La vie en sourdine de David Lodge, publié en français en 2008, édition chez Rivages-Poche en 2014

Dessin de Gaspard R. 15 ans (tous droits réservés)

« La vie en sourdine » est le dernier roman publié de David Lodge, romancier anglais et ancien professeur d’université (https://fr.wikipedia.org/wiki/David_Lodge#%C5%92uvre). C’est le journal intime d’un professeur de linguistique à l’université, récemment retraité et qui souffre de surdité. L’originalité de son récit tient beaucoup aux difficultés qu’il rencontre pour comprendre ses interlocuteurs, soit qu’il ait oublié de mettre ses prothèses auditives, soit qu’elles soient mal adaptées ou que les piles soient usées… Il en résulte des quiproquos souvent assez drôles qu’il nous raconte avec humour, ironie et beaucoup d’autodérision.

Derrière cette présentation légère de sa situation, David Lodge traite de problèmes très sérieux qui impactent ses relations quotidiennes (https://critiqueslibres.com/i.php/vcrit/19608). Comment la surdité perturbe sa vie et la tentation de l’isolement, comment elle menace sa vie de couple car sa femme s’épuise à se faire entendre et à rattraper les bévues commises à cause de ses interprétations erronées.
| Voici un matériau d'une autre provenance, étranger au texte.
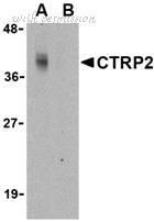 Western blot of CTRP2 in Caco-2 cell lysate with CTRP2 antibody at 1 ug/ml in either the (A) absence or (B) presence of blocking peptide.
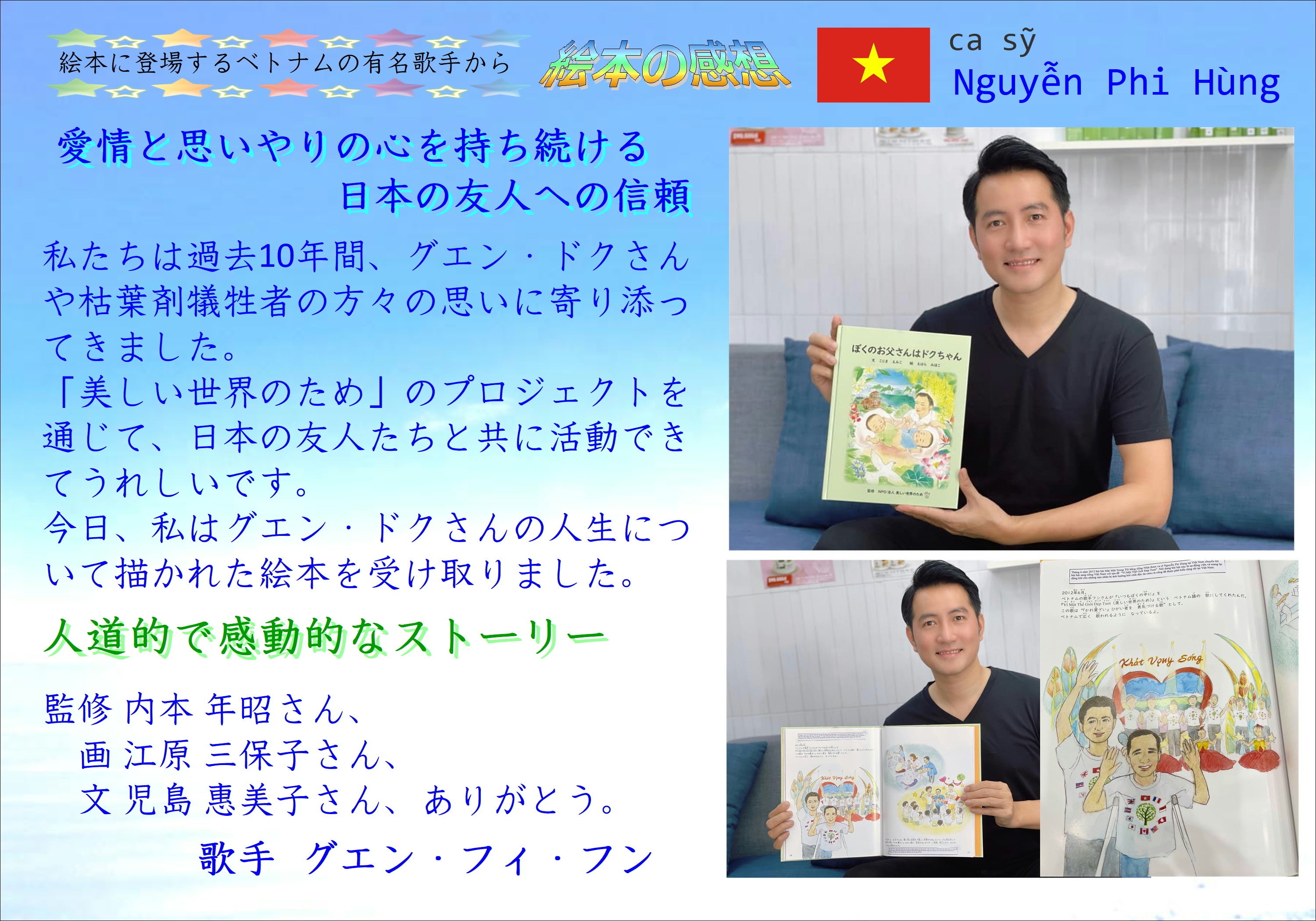 絵本「ぼくのお父さんはドクちゃん」をベトナムに郵送し、現地でベトナム語訳をつけ、ベトナムの関係者の手に、やっと届けられるようになりました。絵本の28頁に登場する歌手のグエン・フィ・フンさんが、“人道的で感動的なストーリー”と賞して、絵本を手にした写真を送ってきてくれました。日本在住のベトナム人留学生らの多くは、歌手のフンさんを知っていても、ドクさんのことを知りません。ベトナム人にも、この絵本の物語を読んでもらいたいと思っています。絵本の購入は、以下のサイトからできます。https://www.medisere.co.jp/mediserebook/sp/

Le romancier nous fait partager son ressenti du départ en retraite: qui est-on lorsqu’on a abandonné son activité professionnelle et qu’on perd la notoriété, la reconnaissance, les honneurs, les avantages et les relations? Qu’en reste-t-il? Où trouver des motivations pour cette nouvelle vie? Faut-il s’accrocher à l’ancien monde et à une vitalité passée en succombant aux charmes et aux excentricités d’Alex Loom, la belle étudiante américaine?

Le roman est autobiographique lorsque l’auteur parle de sa surdité et de la vie universitaire. Il l’est aussi dans ses relations à son père qu’il nous fait vivre avec beaucoup de sensibilité et de finesse. Son père a toutes les misères du grand-âge, manies, obsessions, défaillances physiques, comportements critiques, perte progressive d’autonomie… Ne pas en faire assez pour lui plonge le fils dans la culpabilité, en faire plus l’obligerait à outrepasser les volontés du père. Qui est cet homme si proche et si différent de lui qu’il accompagne jusqu’à la mort?

Dans son journal intime chacun aborde les sujets qui ont retenu l’attention et qu’il juge dignes d’intérêt et David Lodge ne s’en prive pas. Certains sont légers et drôles comme les séances d’apprentissage de la lecture labiale. D’autres sont graves comme sa visite du camp d’Auschwitz-Birkenau. A noter encore le beau texte d’un naturaliste, Bruce Cummings (https://fr.wikipedia.org/wiki/Bruce_Frederic_Cummings), lu à l’enterrement de son père (page 440). C’est le troisième roman que je lis de David Lodge après « Changement de décor » publié en français en 1990 et « Thérapie » publié en 1998. C’est à chaque fois une belle lecture sur notre humanité.